I would say that 5s are not apathetic in the sense of being _genuinely indifferent_, but they are typically very guarded about their emotional responses. They feel highly exposed when they express their emotions, or even feel their emotions, so they build up walls between their conscious thoughts and their feelings in order to protect themselves. Although this can make talking about feelings difficult, the feelings are still present and expressed in all kinds of ways. In my experience, fives are quite emotional and these emotions are quite easy to read once you know them well enough to observe their behavior patterns over time and discern the language of their emotional idiolect. The fact that fives are, at the core, very emotionally vulnerable makes me feel very warm and protective towards them. These feelings allow me to be more patient with them, even when they get defensively stony in their average-to-unhealthy moments. 

On the other hand, nines don't just hide their stronger emotions, they actively reject them (and, in the process, reject the people who elicit strong emotions from them). Such emotions are disturbing and disruptive; they stress the nine out, so the nine seeks to deny them. Nine's are apathetic in the sense of not accepting or identifying with certain emotions. These emotions are treated as extraneous, unpleasant garbage that would ideally be barred from the perfectly tranquil, undisturbed ocean of their desired state. 

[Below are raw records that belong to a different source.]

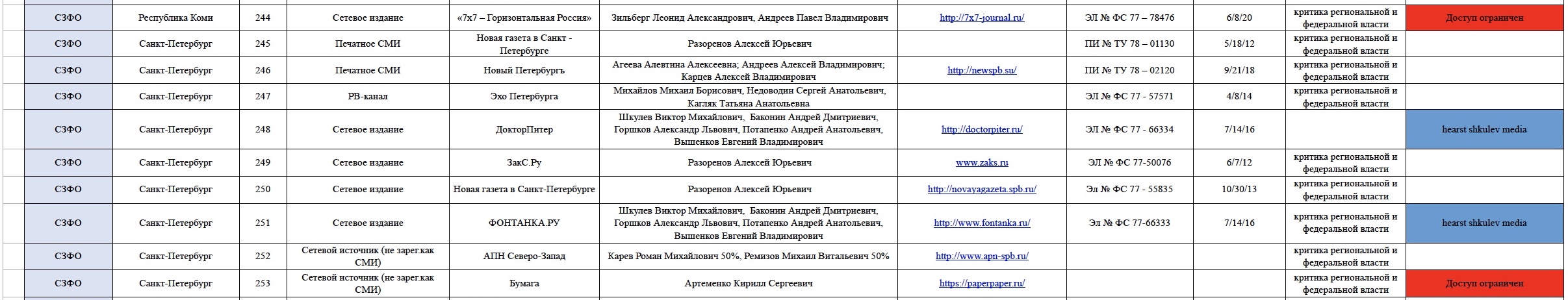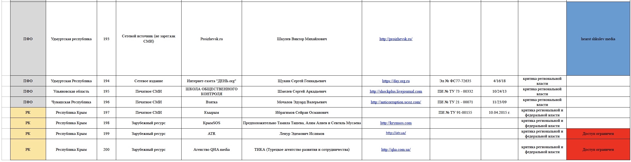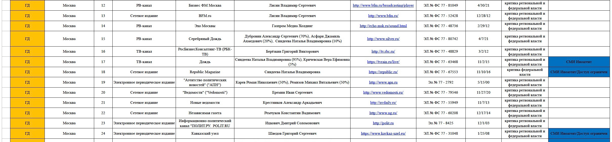 К «оппозиционным» изданиям Роскомнадзор причисляет и казалось бы достаточно лояльные медиа, например, «Ведомости», РБК и региональные издания «Московского комсомольца». Отдельно помечены 55 изданий «Шкулев Медиа Холдинга» — ведомство мониторит все издания холдинга и составляет по ним отдельные отчеты. В перечне Роскомнадзора оказался даже «Форум костромских джедаев» — местные СМИ писали, что он закрылся 16 марта 2022-го после блокировки за «недостоверную информацию» о войне в Украине.
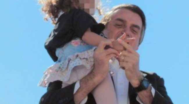 Um vídeo do pré-candidato à Presidência pelo PSL, Jair Bolsonaro, gravado em Goiânia nesta quinta-feira, mostra o aspirante ao Palácio do Planalto ensinando uma criança a fazer o gesto de uma arma com as mãos. O vídeo e as imagens geraram polêmica nas redes sociais. Em cima de um carro de som, enquanto discursava a simpatizantes, Bolsonaro segura no colo uma menina e a auxilia, com um largo sorriso no rosto, a usar os dedos polegar e indicador para simular que segurava uma arma em suas mãos. Em seguida, ele também faz o gesto.
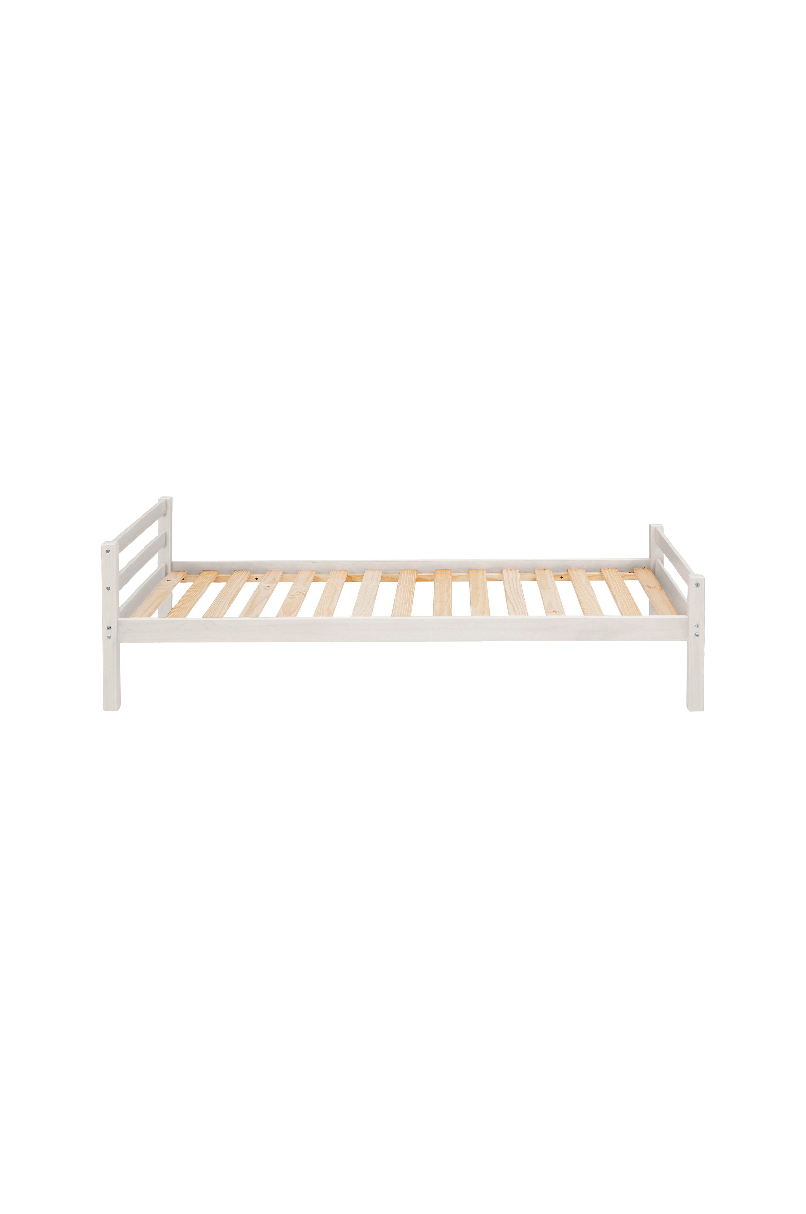 Tidlös sovutrustning för barn- eller tonårsrummet: dagbädd med spjälram. Denna säng imponerar med sin trendorienterade design och högkvalitativa utförande. Dagbädden är tillverkad av massivt furuträ. Den matta, lättskötta ytan är snabb och enkel att rengöra. En högkvalitativ spjälram ingår redan i leveransen, så att du omedelbart kan utrusta sängen med en madrass. Ett smakfullt blickfång i ditt hem: dagbädden inklusive spjälram.
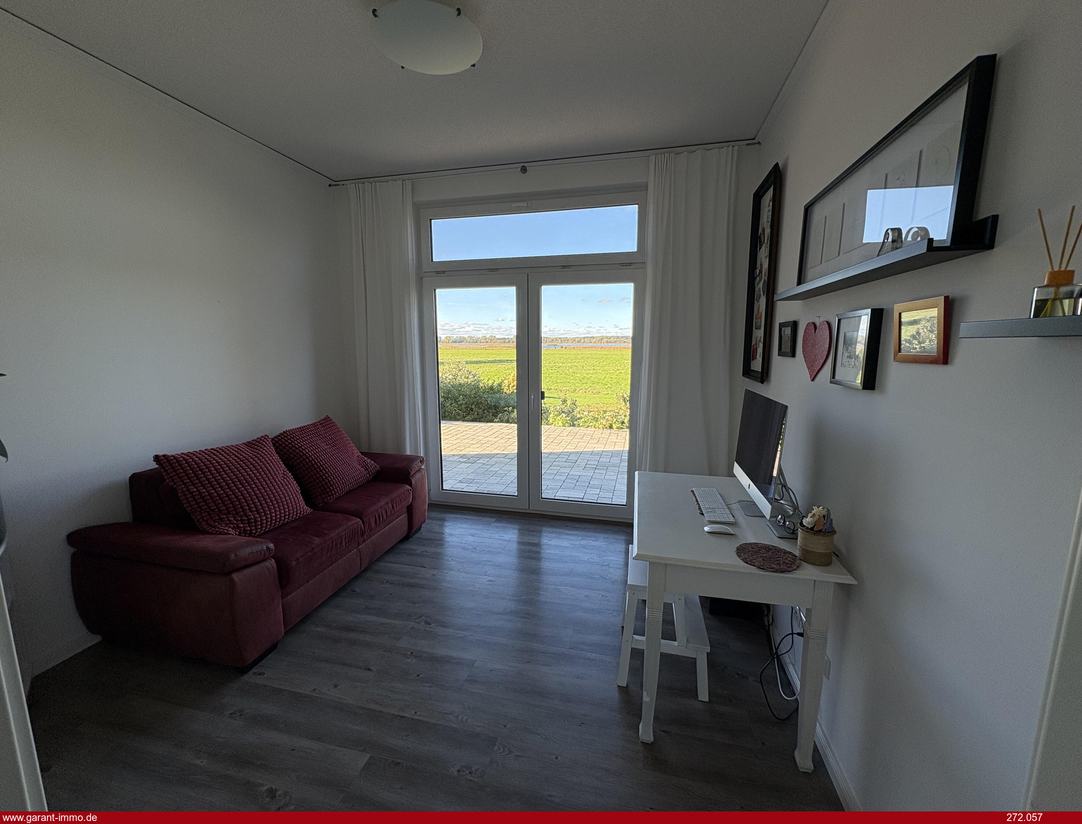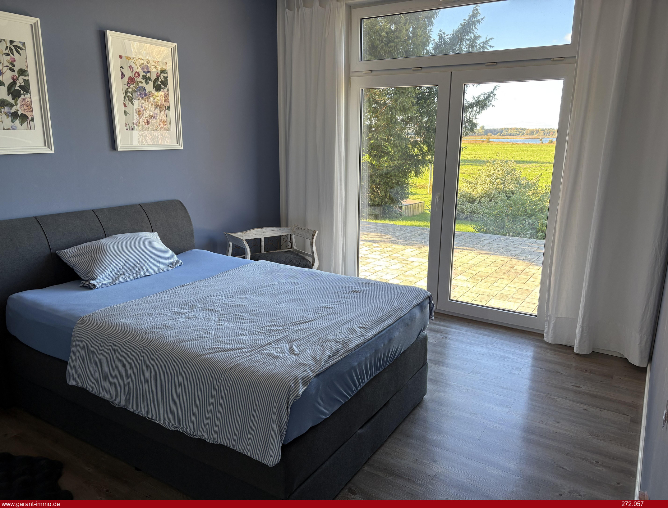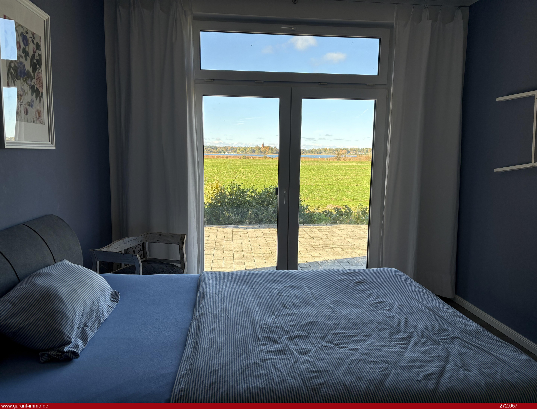 Ebenfalls zum Wasser offen ist das Kinderzimmer (Büro) und das Schlafzimmer, welches ein angegliedertes Ankleidezimmer hat. Ein großzügiges Bad mit Wanne, Walk-In-Dusche und WC runden das Objekt ab.
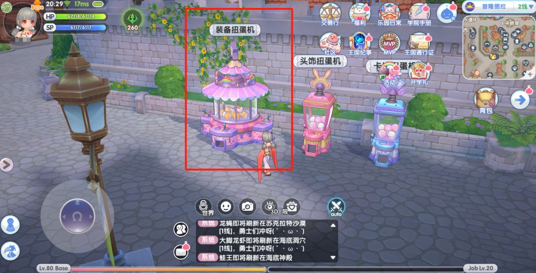 或者点开右上角小地图,在【普隆德拉】找到【扭蛋机】-【准它社扭蛋机】。
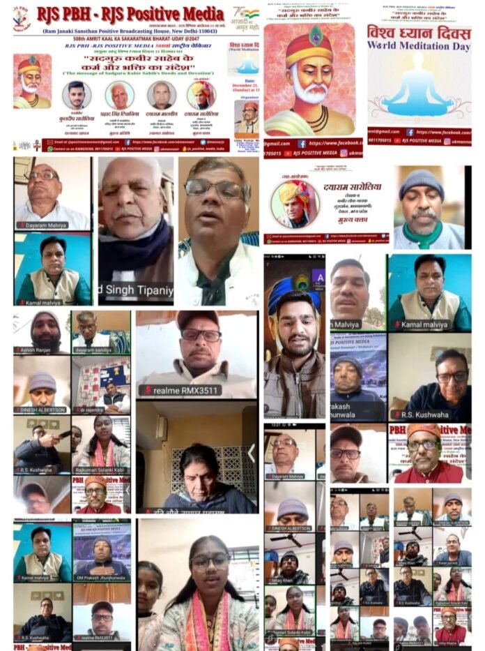 नई दिल्ली – ” “ऐसी वाणी बोलिए, मन का आपा खोए, औरन को शीतल करे, आपहुं शीतल होए” । राम जानकी संस्थान (आरजेएस) पॉजिटिव ब्रॉडकास्टिंग हाउस द्वारा विश्व ध्यान दिवस 21 दिसंबर 2025 के अवसर पर “सदगुरु कबीर साहब के कर्म और भक्ति का संदेश” विषय पर आधारित इस कार्यक्रम में 15वीं शताब्दी के संत कबीर दास की शिक्षाओं को मानसिक मजबूती और सामाजिक समरसता के आधुनिक ब्लूप्रिंट के रूप में प्रस्तुत किया गया।
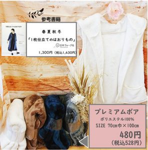 $ 0 0 「着分生地プレミアムボア」で「ふわふわフードベスト」を作ってみませんか。 小物作りで人気の着分の生地ですが、これからの季節にちょうどいいフードベストは1着作ると大活躍しそうです。 画像のフードベストは、「着分生地プレミアムボア」2枚で作ることができます。 プレミアムボア(100×70㎝):1枚当たり480円(税込528円) このほか色々なボア生地がございます。 季節の移り変わりを、手作りを楽しみながら感じましょう。
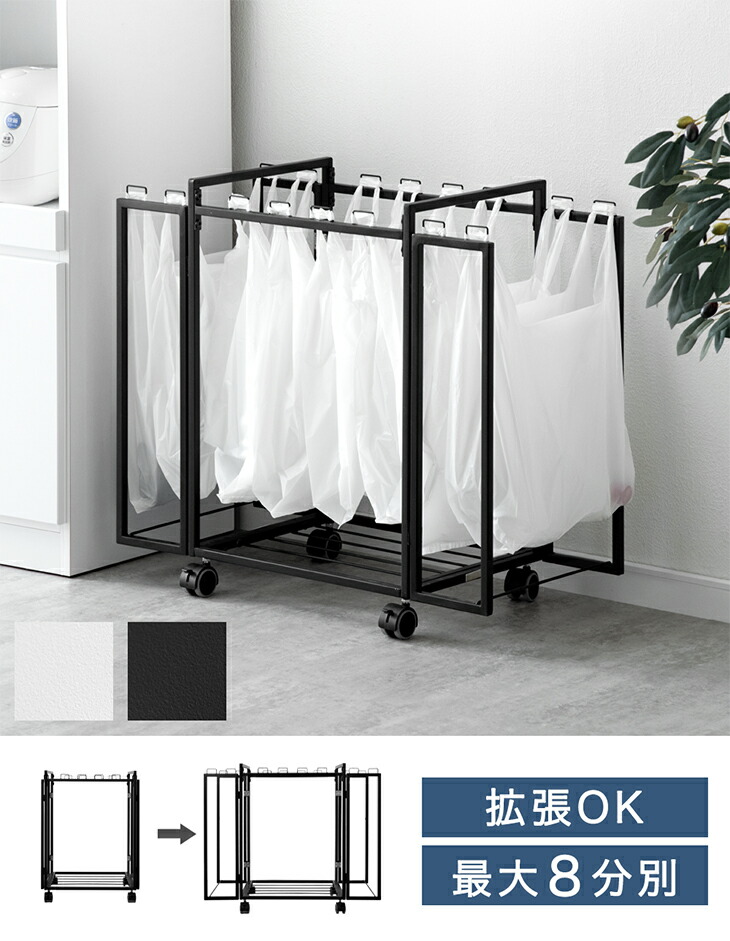 ゴミ箱 おしゃれ 分別 キッチン 分別 北欧 リビング ダストワゴン キャスター付き ホワイト ごみ箱ラック ゴミ袋ホルダー レジ袋
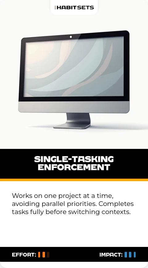 Works on one project at a time, avoiding parallel priorities. Completes tasks fully before switching contexts.
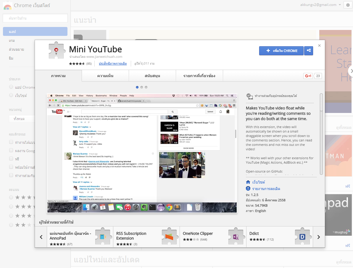 เปิด Chrome ขึ้นมาไปที่ URL : https://chrome.google.com/webstore/detail/mini-youtube/acphfpihfjpgnihkgelafhmjeoodbehp
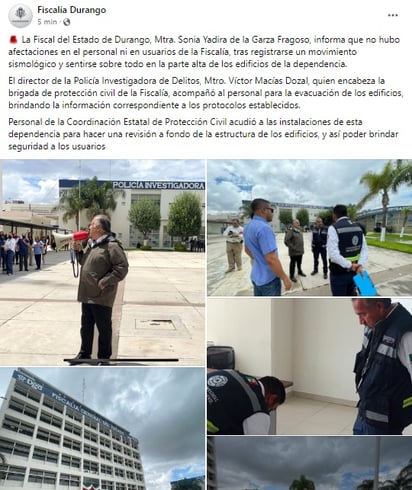 La Fiscalía General de Durango reportó, luego de registrar el movimiento sismológico, que tanto el personal como los usuarios que se encontraban en las inslataciones fueron evacuados de los edificios, por lo que no se reportan afectaciones.
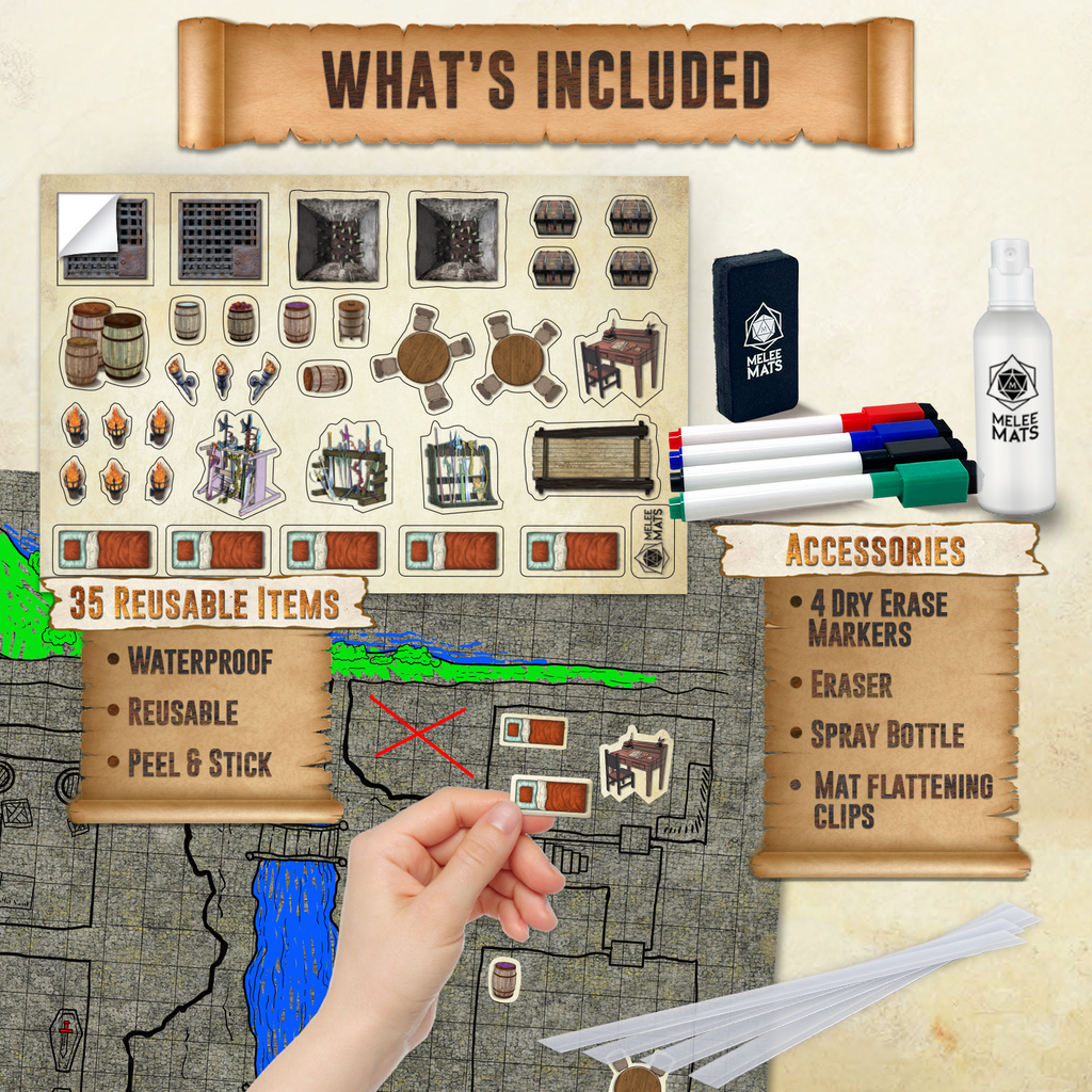 - YOUR SLOPPIER FRIENDS CAN’T DAMAGE IT – ULTRA DURABLE, DOUBLE COATED DND MAP: Because serious gamers play for hours on end, snacking is a must, so while most DND board setups look worn, torn, and stained after just a few rounds, we engineered MELEE MATS DND dry erase map from the highest grade materials, then added an EXTRA FINISHING COAT, making it the BEST DND game mat for erasing, reusing, and yes, even wiping away messy Cheetos fingerprints.

Having said all this, I want to make clear that I have also known some healthy, deeply caring, open, and expressive nines, whom I love and love to be around. A healthy nine is a thing of beauty (@yippy is a great example :hearteyes. But, for me, being 'loved' by an average to unhealthy nine is ultimately very painful.


----------



## yippy (May 21, 2014)

@sittapygmaea

:blushed: :love_heart: Is it pay a compliment to yippy day? Can we make this an annual event? 

About healthy/unhealthy nines....

Unhealthy:









Healthy:









I think I can say I am a healthy nine and I am not apathetic at all towards the problems of others. I realize that the world isn't perfect, life isn't peaceful & lovely for everyone. I want it to be though, which is why I help others to the best of my abilities. However just like the world isn't perfect I am not perfect either. I will falter. I will let you down sometimes. There comes a moment I am overwhelmed by the problems of others (and possibly my own) and I will want to escape from them for a moment. In the end I will come back though....in the end I'll always fix it.


----------



## Recede (Nov 23, 2011)

I see type Nine apathy as related to the disconnect from Holy Love. Holy Love is not the act of loving or being loved, but the experience of reality as nonconceptual positivity. Reality isn't neutral but is actually all good and meaningful and made of love. 

Since Nines are disconnected from Holy Love, they experience that pleasant, lovable, meaningfulness as something that comes and goes rather than being ever present. 

This sets the type as residing somewhere between two opposite states:
Healthy: All is love
Unhealthy: All is indifference

Lower Nines may be apathetic because they are far from Holy Love and closer to its opposite. The apathetic state of the Nine is like being stranded in a desert where there is nothing of interest, and if any life forms come around, they must be cold and indifferent and will soon leave. The unhealthy Nine might project indifference everywhere and feel ignored, neglected, and overlooked, while in actuality they are the ones ignoring and neglecting the world, overlooking its goodness. The irony is that they use indifference as a defense against their own indifference which they've projected onto the world. 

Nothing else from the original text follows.